U.S. ex rel. Saldivar v. Fresenius Medical Care Holdings, Inc.
906 F. Supp. 2d 1264
N.D. Ga.2012Background
- Relator Saldivar, California resident, worked for Fresenius from 2007 to 2009, alleging False Claims Act violations.
- Fresenius is a national dialysis provider seeking government reimbursement for treatments and medications, including Zemplar and Epogen.
- Relator alleges Fresenius billed for overfill volumes received for free, creating false claims to Medicare/Medicaid.
- Relator observed overfill percentages and discrepancies between administered doses and inventory; corporate reports highlighted overfill goals.
- Relator raised concerns, was suspended, then terminated in 2009; Relator filed suit January 24, 2011, alleging Counts 1–4 FCA claims and state-law equivalents.
- Fresenius moved to dismiss (public disclosure bar, original source, Rule 9(b), and state-law issues); court issued partial grant/partial denial.
Issues
| Issue | Plaintiff's Argument | Defendant's Argument | Held |
|---|---|---|---|
| Public disclosure bar applicability | Allegations not barred because disclosures do not reveal wrongdoing by Fresenius. | Bar applies where disclosures exist and relate to the same defendant; public disclosures mandate dismissal. | Public disclosure bar does not apply at this stage. |
| Original source exception viability | Relator had direct, independent knowledge and provided information to government pre-filing. | Relator not an original source; information publicly disclosed exists. | Relator may qualify as an original source; denial of dismissal on jurisdictional grounds. |
| Rule 9(b) failure to plead fraud with particularity | Relator's employment role and firsthand observations provide indicia of reliability. | Insufficient detail to plead false claims with particularity. | Relator's allegations plausibly allege fraud with sufficient indicia; claim survives. |
| State-law FCA claims viability | States other than CA/NV plausibly implicated; employment scope nationwide. | Insufficient procedure and geographic basis; service requirements not met; overbroad scope. | Dismissed all state-law claims except possibly CA and NV; procedural compliance fatal. |
Key Cases Cited
- U.S. ex rel.
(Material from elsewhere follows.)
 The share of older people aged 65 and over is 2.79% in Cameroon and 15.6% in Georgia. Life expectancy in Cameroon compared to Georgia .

Walker v. R&F Props. of Lake County, Inc., 433 F.3d 1349 (11th Cir.2005) (three FCA elements; claims must be presented with knowledge of false claim)
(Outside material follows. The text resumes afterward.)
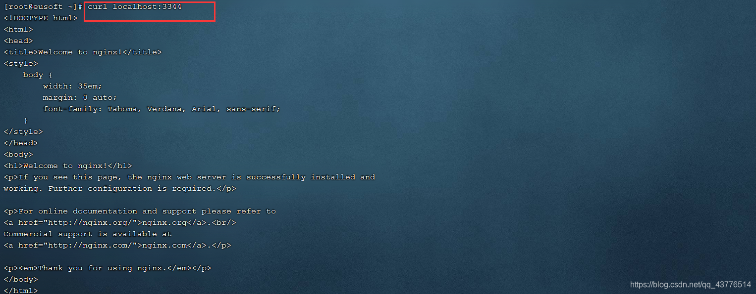 4、这时我们就可以访问部署的Nginx了,首先使用命令行的形式在本地进行访问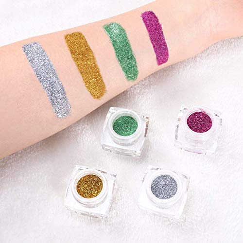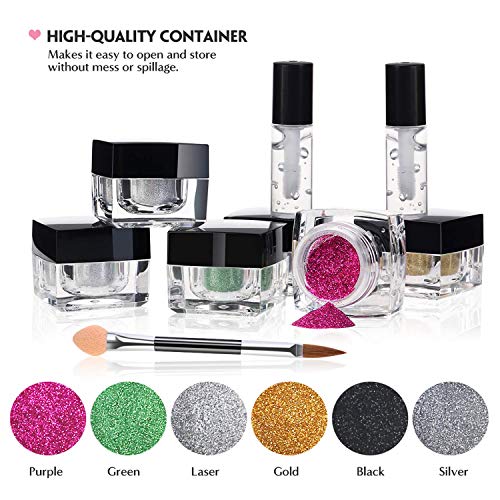RUIMIO Polvo de purpurina de 6 colores con gel de fijación de purpurina y pincel de sombra de ojos, maquillaje, decoración de uñas

- Hopper v. Solvay Pharm., Inc., 588 F.3d 1318 (11th Cir.2009) (heightened Rule 9(b) pleading for FCA claims; fraud specifics required)
- Matheny v. Medco Health Solutions, Inc., 671 F.3d 1217 (11th Cir.2012) (allows general pleading of scienter where appropriate reliability shown)
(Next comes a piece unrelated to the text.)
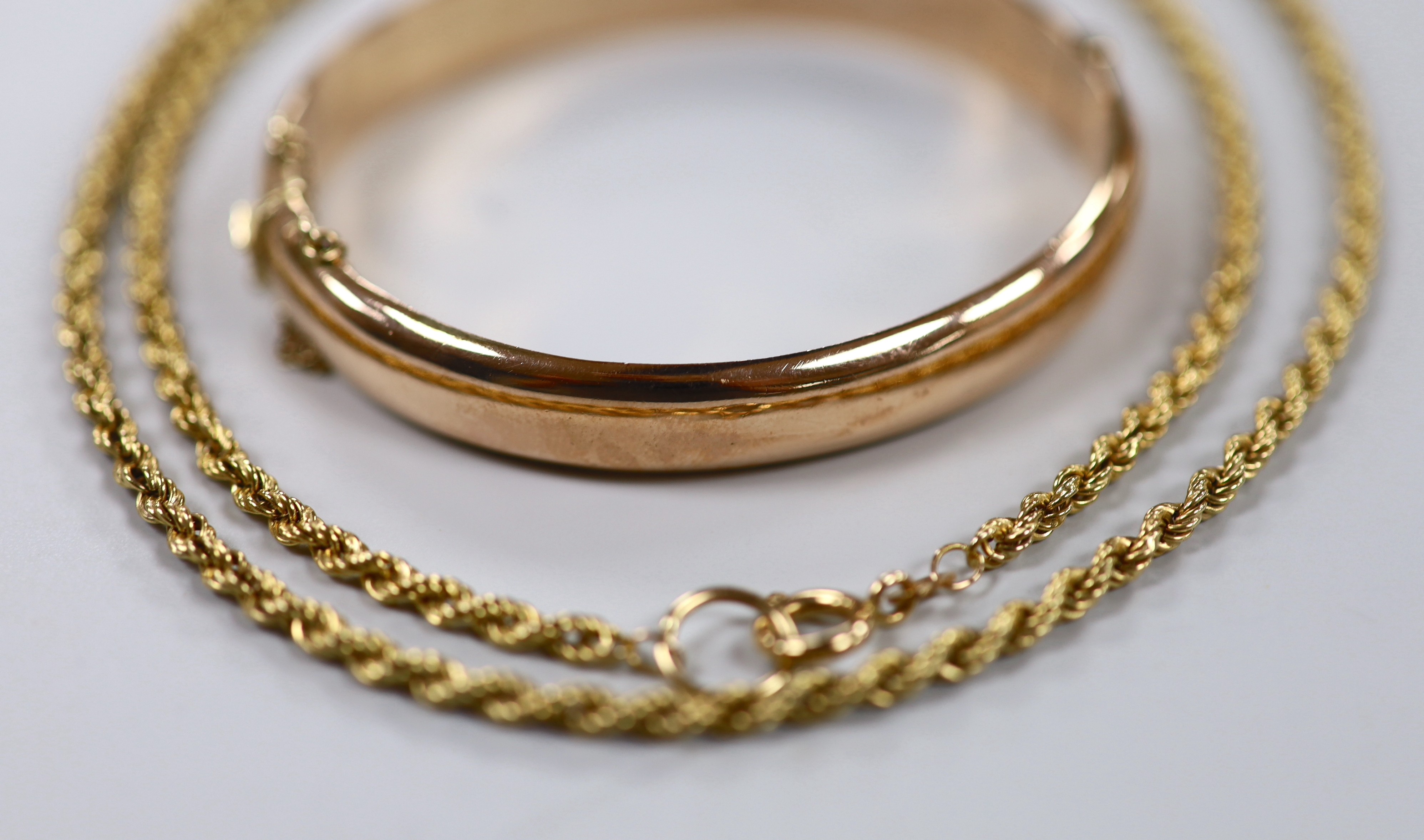 A modern 9ct gold ropetwist chain, 52cm and a 9ct gold hinged bangle, 19.7 grams.

- Clausen v. Lab. Corp. of Am., 290 F.3d 1301 (11th Cir.2002) (Rule 9(b) relaxed when facts are peculiarly within defendant's knowledge)
- Bell Atl. Corp. v. Twombly, 550 U.S. 544 (2007) (claims must be plausible on their face)
- Rockwell Int’l Corp. v. U.S., 549 U.S. 457 (2007) (original source requires independent knowledge of information; public disclosures do not bar all claims)
- Cooper v. Blue Cross & Blue Shield of Florida, Inc., 19 F.3d 562 (11th Cir.1994) (public disclosure bar and original source framework)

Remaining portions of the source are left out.